John Castor, Minneapolis, Minn., for defendant Chouanard.
This action is for personal injuries sustained in a collision of the three defendants' automobiles in southern Minnesota. The plaintiff, who was a passenger in the automobile of the defendant Hanselmann, is a citizen of Bolivia and lives in Minnesota. Hanselmann is a citizen and resident of North Dakota, while the remaining defendants, Chouanard and Huelskamp, are both citizens and residents of Minnesota.
Defendant Hanselmann moves to dismiss this action as to him for the reason that venue cannot be properly laid in this court if he is included as a party defendant.
The plaintiff claims that he is entitled to sue Hanselmann in this district because 28 U.S.C. § 1391(a) (1952) allows suits wherein jurisdiction is founded on diversity of citizenship to be brought in the district where the plaintiff resides. Hanselmann argues that in a suit by an alien, the alien cannot be considered the "resident" of any district, and venue in such a case must therefore be laid in the district where all the defendants reside.
Prior to the revision of the judicial code in 1948, it was settled that an alien could bring suit only in the district where the defendant was an inhabitant. Galveston, H. & S. A. Ry. v. Gonzales, 1894, 151 U.S. 496, 14 S.Ct. 401, 38 L.Ed. 248; Campbell v. Duluth, S. S. & A. Ry., C.C. Minn.1892, 50 F. 241. This was so even though the alien resided in one of the United States. Lehigh Valley Coal Co. v. Washko, 2 Cir., 1916, 231 F. 42.
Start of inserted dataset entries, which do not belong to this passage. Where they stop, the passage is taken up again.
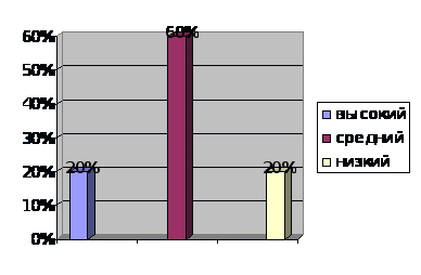 Таким образом, проведенное исследование показало (рис 4), что: высокий уровень развития мышления у детей шестого года жизни посредством занимательных задач наблюдается у 20% детей; средний уровень - у 60% детей; низкий уровень - у 20% детей.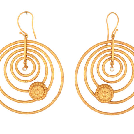 Silver Gold Plated with Black Rhodium Zircon Floral Earring
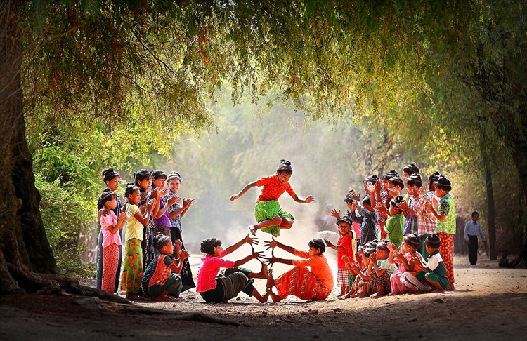 孩子们在路上嬉戏。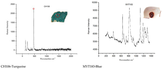 - Burgio, L.; Clark, R.J.H. Library of FT-Raman spectra of pigments, minerals, pigment media and varnishes, and supplement to existing library of Raman spectra of pigments with visible excitation. Spectrochem. Acta Part A 2001, 57, 1491–1521. [Google Scholar] [CrossRef] [PubMed]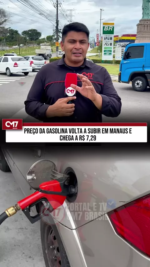 O preço da gasolina voltou a subir em postos de combustíveis de Manaus neste fim de semana. Em alguns locais, o litro da gasolina comum passou de R$ 6,99 para R$ 7,29 em apenas um dia, enquanto a aditivada chegou a R$ 7,49. A capital amazonense também aparece entre as cidades com combustíveis mais caros do país, cenário que especialistas associam a custos logísticos, impostos e à estrutura de abastecimento da região Norte. 𝗦𝗶𝗴𝗮: @portalcm7 || 𝗔𝗰𝗲𝘀𝘀𝗲 𝗰𝗺𝟳𝗯𝗿𝗮𝘀𝗶𝗹.𝗰𝗼𝗺 𝗽𝗮𝗿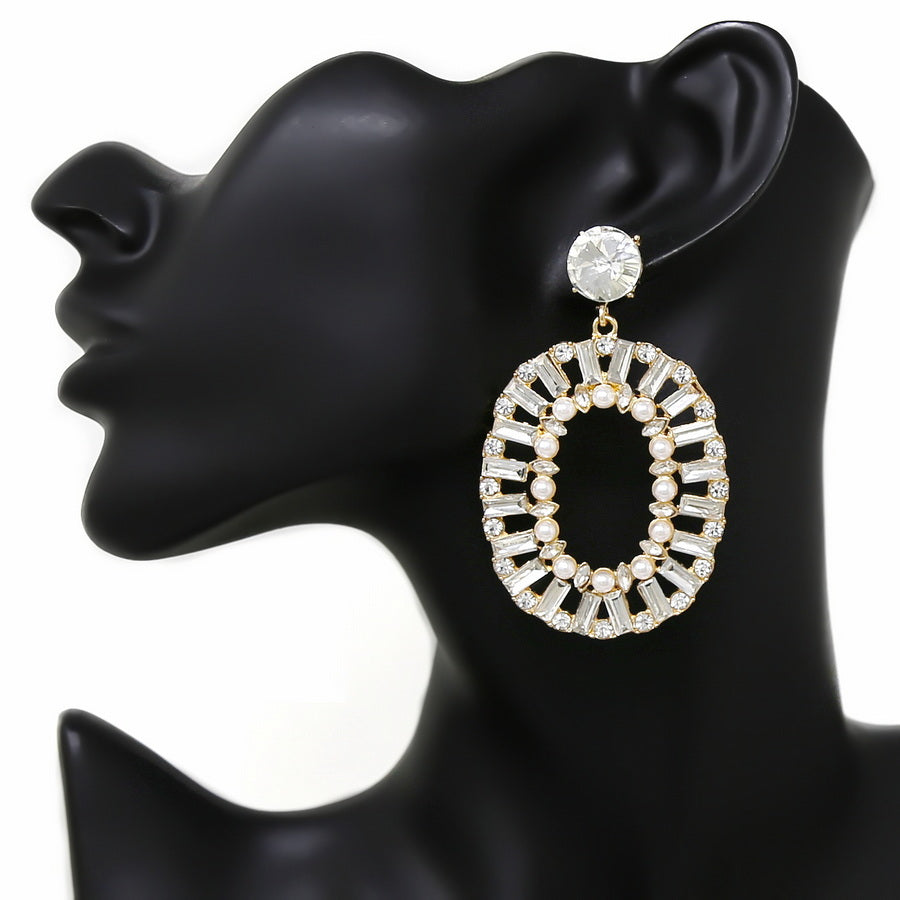 Baguette Glass Stone & Pearl Embellished Statement Earrings

The rule established by these and other cases was clearly warranted by the plain meaning of the applicable jurisdictional and venue statutes which remained substantially unchanged up to 1948. These formerly read:
Since a suit by an alien was not an action "between citizens of different States," it was simple for the courts to reach their conclusion that an alien could sue only in the defendant's district, regardless of the alien's place of residence.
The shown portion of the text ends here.